The building history of the complex goes back to a "Burg Roland" (1372: "Radeland"; also "Ruhland") of a knight dynasty of the same name who lived in the castle until the end of the 14th century. When this dynasty in the male line became extinct, the vacant knight's seat fell in 1388 to the von der Selendunk family, who never used the property as a residence and gradually let it deteriorate. In 1402 it came to the Lords of Ulenbroich.

In the middle of the 17th century the property came into the possession of the Jülich-Bergische Hofrat Anton Lemmen, whose son, the Jülich-Bergische Hofkammerdirektor Wilhelm Daniel Lemmen, and his wife Petronella Jacobi came up with the plan to have a stately home a little below the castle erect. The basis of the project is supposed to have been the promise of the sovereign Johann Wilhelm von der Pfalz that builders of such measures of the regional development would get a seat in the state parliament. Allegedly according to plans by Italian builders and artists, the castle was completed and decorated as a four-wing complex with two inner courtyards lying one behind the other at the beginning of the 18th century. A “Venetian architect” is named in the sources as the designer of the new palace, in whom some authors recognized Matteo Alberti . The main facade of the Corps de Logis was oriented axially towards a cascading baroque terrace garden of princely dimensions.

Herman van der Mijn and Giovanni Antonio Pellegrini were among the artists who are said to have been involved in decorating the palace . The painter Johann B. Fischer († 1726) from Neuss is said to have painted a ceiling in the reception room, the marble hall, as well as in the rooms on the right and left. Two busts received the visitors on pedestals in the Marble Hall, on the left an antique one, the head of a bacchante , on the right the head of Caspar de la Torre, a provost of the Church of Our Lady in Bruges, made in Carrara marble by the sculptor François Duquesnoy . A corridor led to the dining room, which was decorated with wall paintings.

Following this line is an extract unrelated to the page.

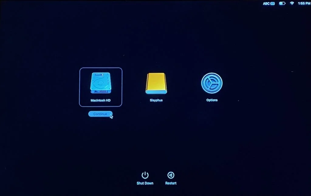 If you have multiple boot drives and wish to switch among them, you’ll want to use Startup Manager. Immediately after you see “Loading startup options…,” the Mac displays the new Startup Manager, which shows icons for all the bootable drives, along with buttons for Options, Shut Down, and Restart. To boot from a particular drive, select it and click Continue under it.

After Lemmens death, who left no children behind, Schloss Roland became the property of the von Ropertz family. Franz Joseph Freiherr von Ropertz, Provost zu Wissel , helped the castle, which he made his residence, become a household name through a princely lifestyle and the inclusion of art treasures. He was the organizer of pleasure jades, flower festivals and forest theater performances. At the end of 1804 Baron von Ropertz, plunged into debt, felt compelled to sell the property to Maximilian Friedrich von Vittinghoff , known as Schell von Schellenberg, who had the French gardens of the palace converted into English gardens based on plans by Maximilian Friedrich Weyhe, court gardener in Düsseldorf . The initial aim of the renovation was to give Vittinghoff, as the Chamberlain of the Grand Duchess Caroline, an appropriate country estate near the grand ducal capital of Düsseldorf. On November 3, 1811, Marie-Louise of Austria , the wife of Napoleon I , honored the castle and its owner with a day visit.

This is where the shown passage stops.